A long-standing experimental literature deals with optimal crop irrigation, for example
Yaron (1967), Hexem and Heady (1978) and Steduto et al. (2012). Factors that
motivate irrigators’ adoption of water-saving application technologies have also been
studied, for example Green et al. (1996).This paper addresses a different issue: given
the crops they grow and the irrigation technologies they use, how much water do
irrigators actually apply to their land? In particular, how does irrigation intensity relate
to local environmental conditions (e.g. climate) as well as district-level organizational
features (e.g. plot sizes)?To answer these questions, the paper offers an analysis
of a dataset of surfaces irrigated and volumes of water applied over a period of ten
years for the three main crops (corn, cotton and sorghum) grown in the ten irrigation
districts that operate in the Mexican portion of the Rio Grande-Bravo Basin (MRGB).

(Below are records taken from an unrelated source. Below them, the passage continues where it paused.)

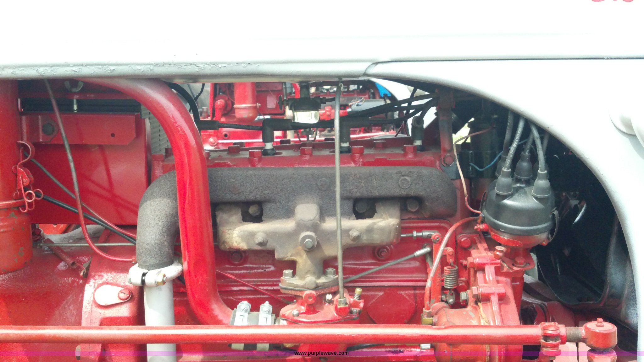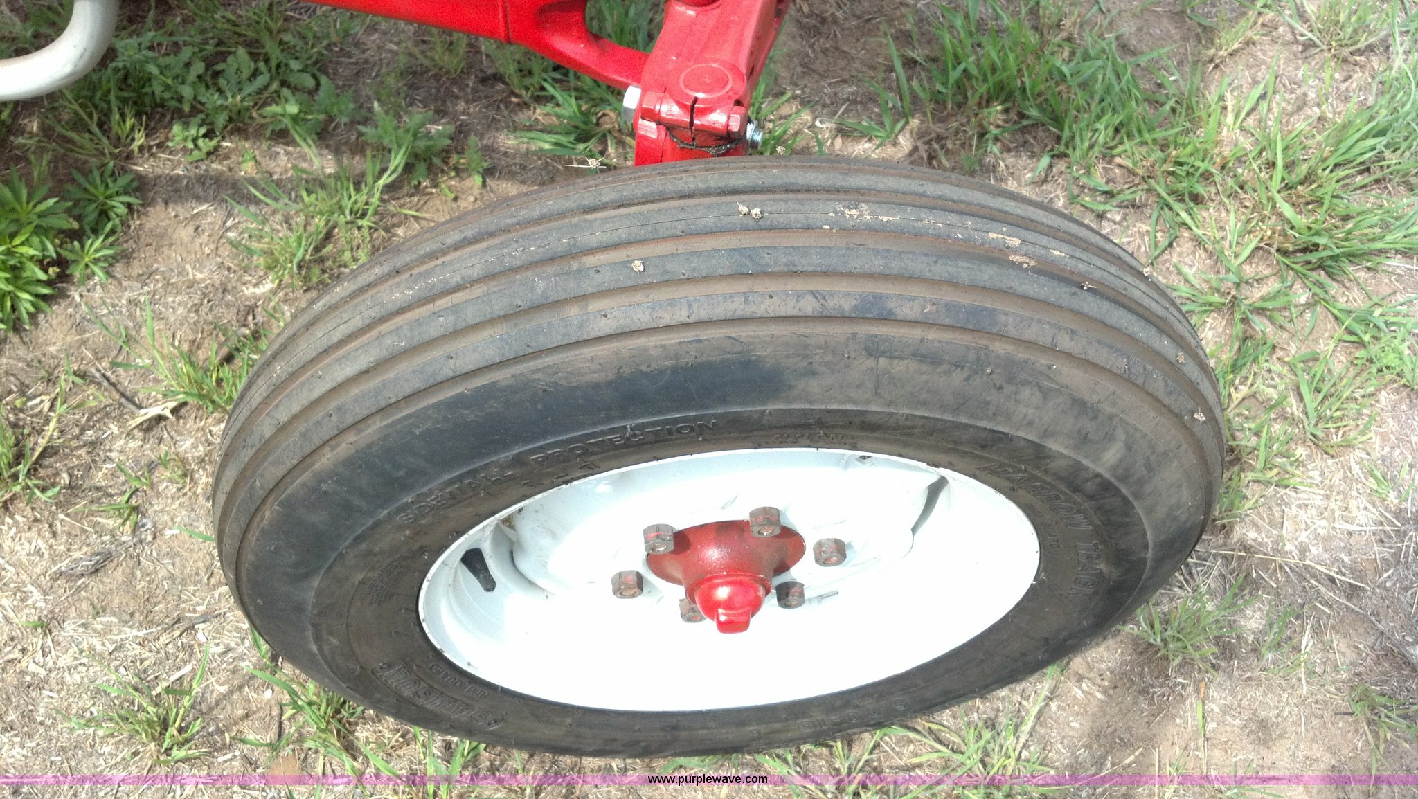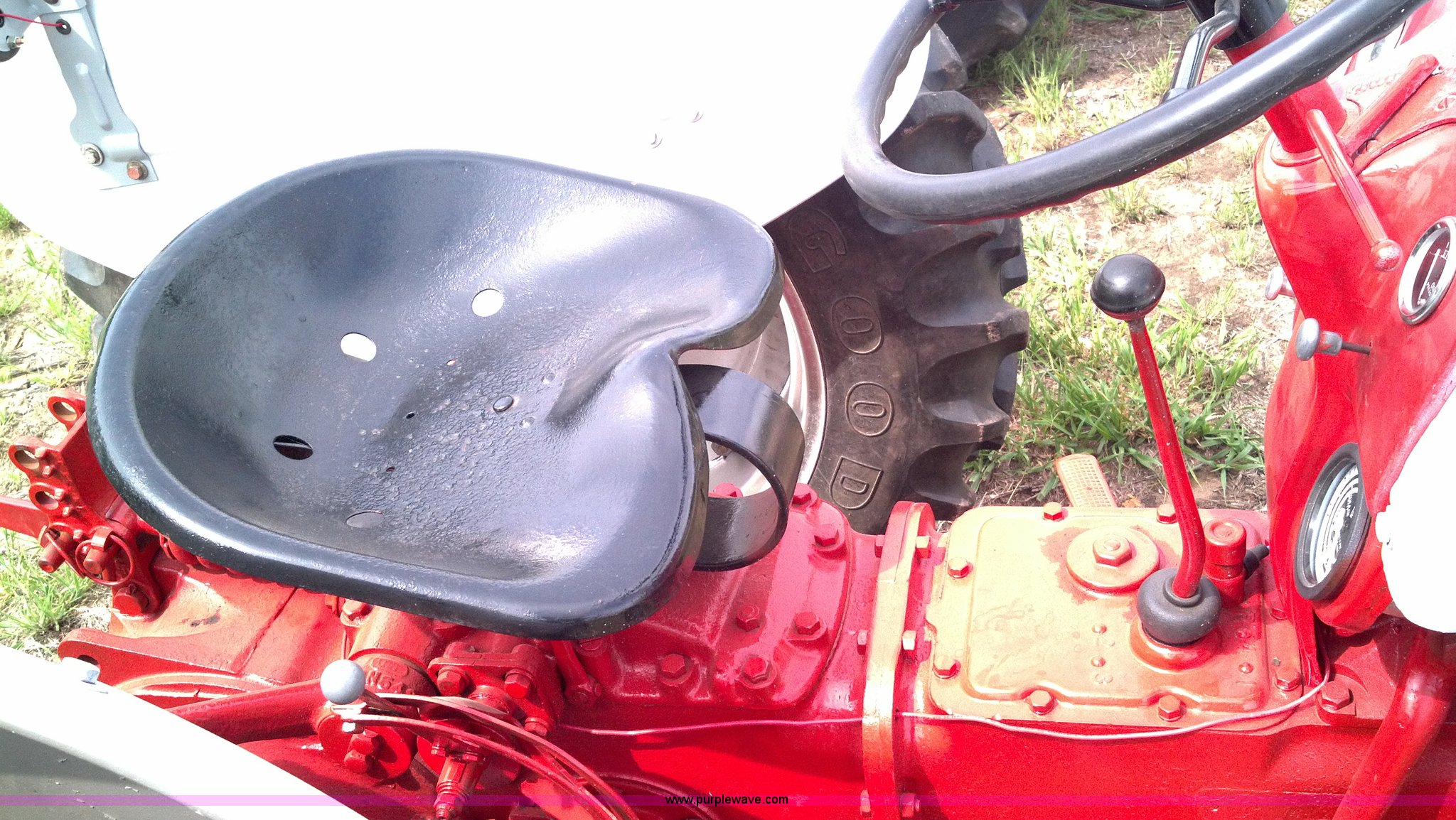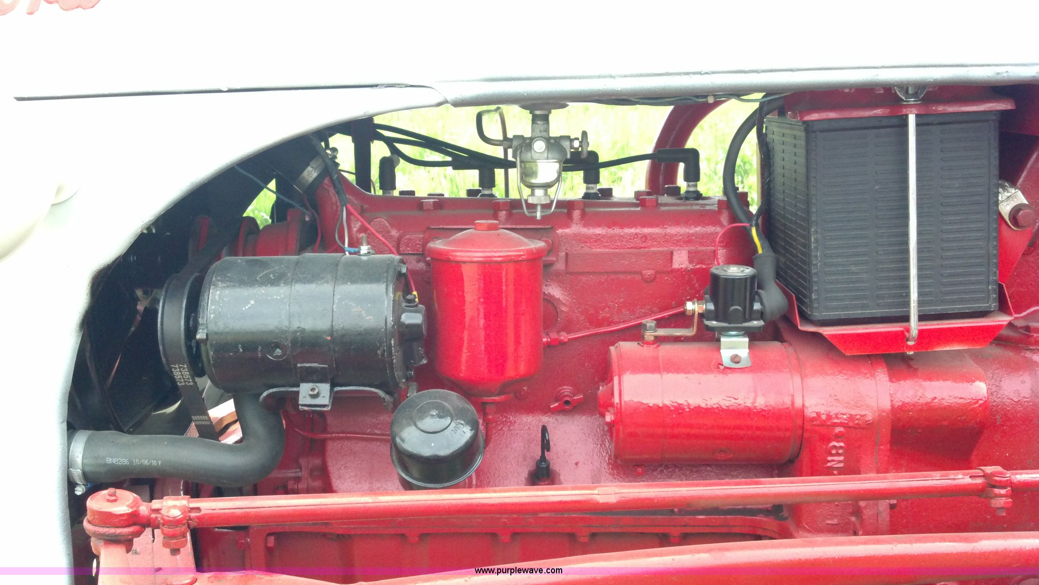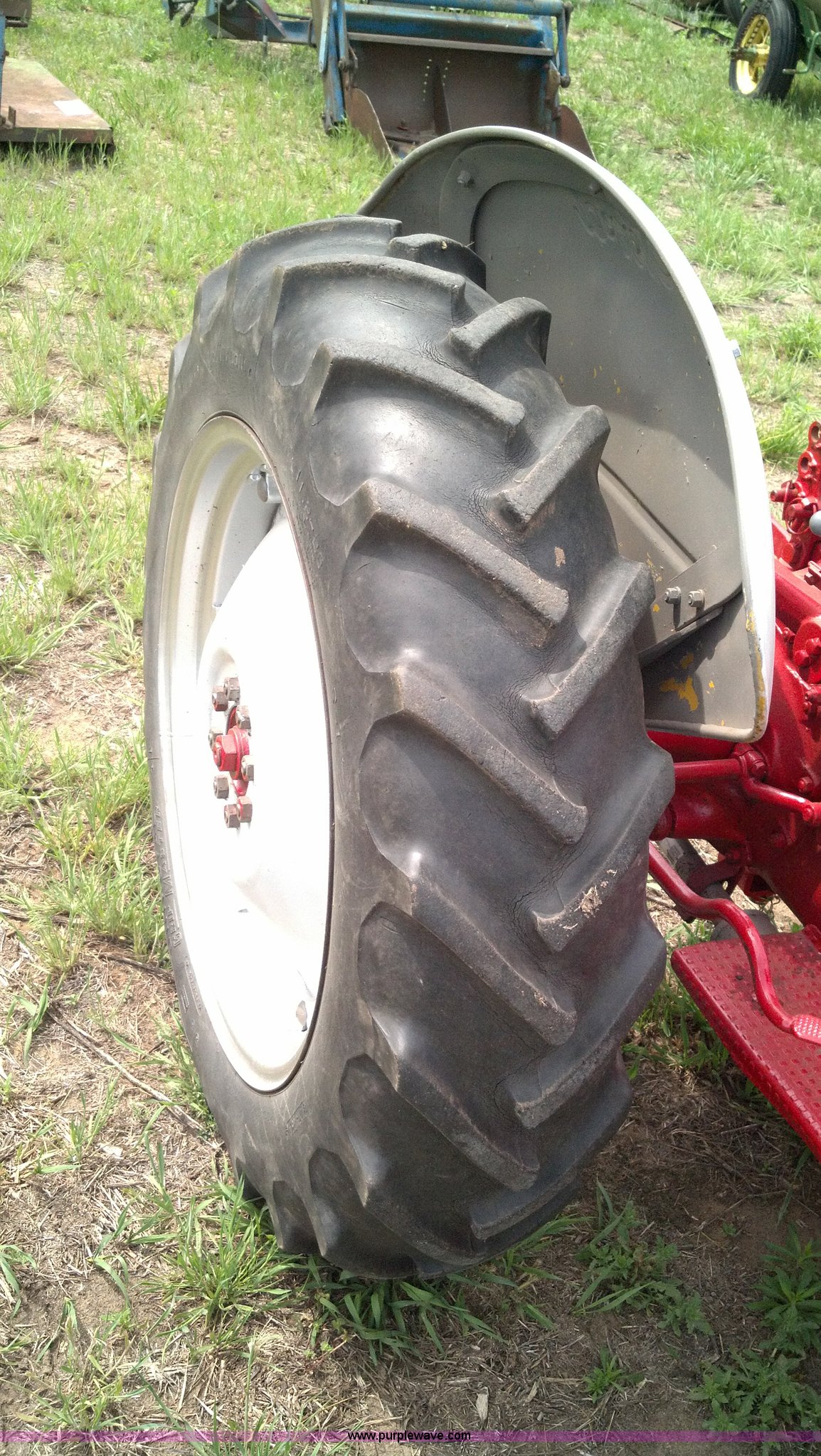 Purple Wave is selling a used Tractor in Kansas. This item is a 1951 Ford 8N tractor with the following: 2 hours on meter, Flathead four cylinder gas engine, Manual transmission, 4F-1R gears, 540 PTO, Three point hitch, Missing top link, Draw bar, Front work lights, Recently replaced 6.00-16 front tires, 11.2-28 rear tires, Recently replaced items, Gauges, Wiring, Battery, Tool box, Battery carrier, Gas tank, Generator, Exhaust, Lights
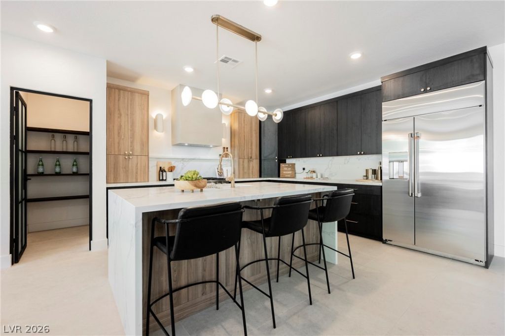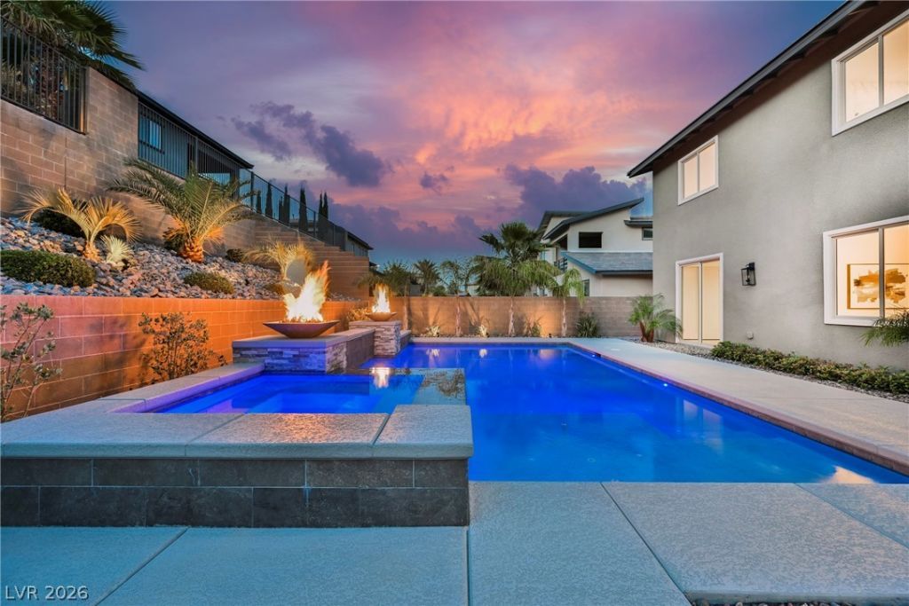 Welcome to 12368 Notch Trail, where architectural ambition meets everyday livability. This beautifully reimagined residence is a study in desert modernism, with a sculptural stone-and-stucco façade and a disciplined material palette curated by Maverick Design. New chef's kitchen, spa-caliber primary bath, designer flooring, updated fixtures, and fresh interior paint ? every surface elevated. The great room is anchored by a floor-to-ceiling Roman clay fireplace with floating oak mantle, framed by expansive sliders connecting interior and outdoor living. The kitchen centerpiece features a waterfall quartz island, dual-tone walnut and espresso cabinetry, brass fixtures, and professional-grade appliances. A rare main-level Next-Gen suite offers its own bedroom, bath, kitchen, and living area ? ideal for multigenerational living or guests. The primary suite features full marble surrounds, dual vanities, and rainfall shower. Resort-style pool and spa with fire bowls complete the retreat!
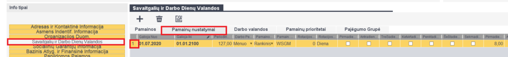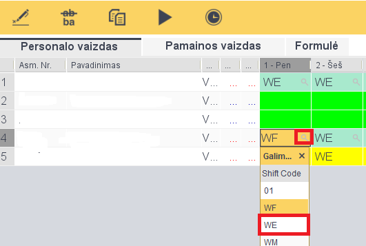 Jei norime automatizuotai priskirti darbuotojui priskirti pamainą, ir pagal ją priskirtas darbo dienos, tuomet atsidariusioje lentelėje pažymime darbuotojo eilutę -> spaudžiame laikroduko ženkliuką
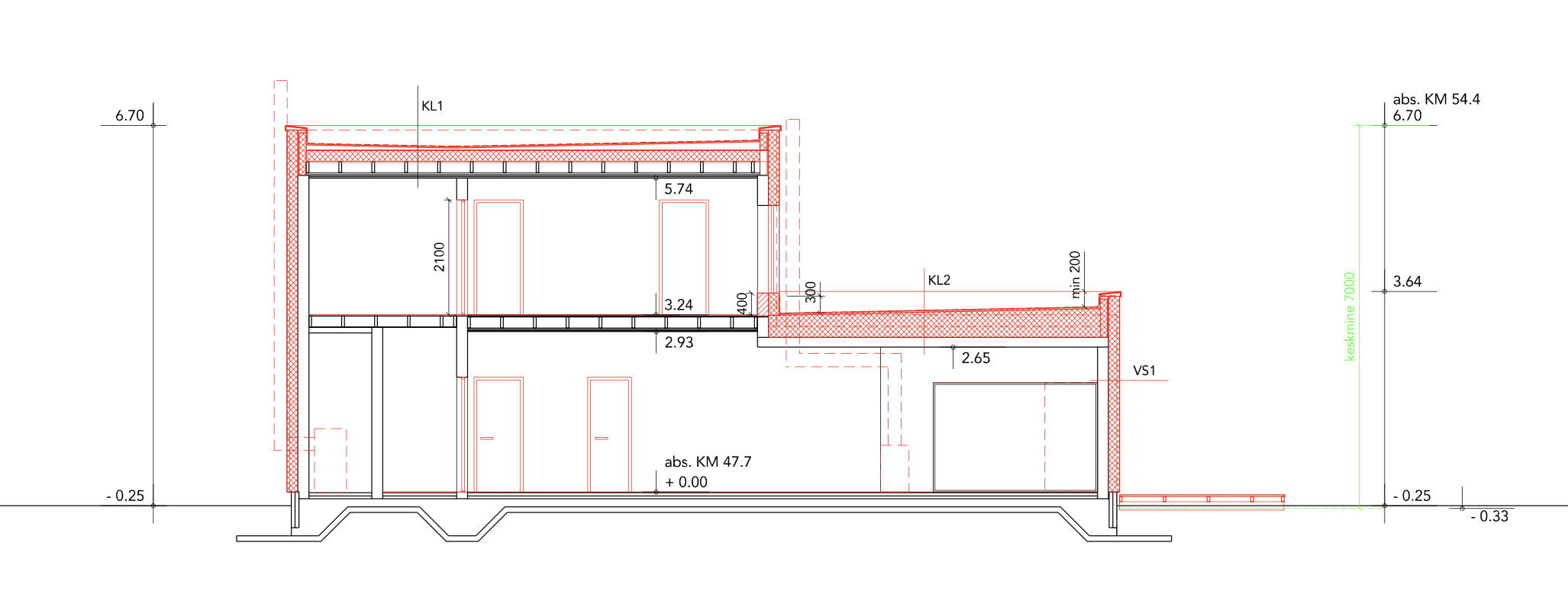 1. korruse katuse parapeti on vaja tõsta 250mm.

The information used to build this dataset comes from various editions of an annual
report produced by Mexico’s federal water authority (listed as Comisión Nacional del
Agua-c in the references). Although in the public domain, this report is only available
in print and not published or widely circulated - the authors obtained photocopies of
said reports in person from the water authority’s regional ofce in Monterrey, Nuevo
León.
Figure 1. Rio Grande-Bravo Basin and MRGB Irrigation Districts.
Source: Authors’.
†Key: 1: ID025 Bajo Río Bravo; 2: ID026 Bajo Río San Juan; 3: ID031 Las Lajas; 4: ID050 Acuña-
Falcón; 5: ID004 Don Martín; 6: ID006 Palestina; 7: ID090 Bajo Río Conchos; 8: ID005 Delicias; 9:
ID103 Río Florido; 10: ID009 Valle de Juárez.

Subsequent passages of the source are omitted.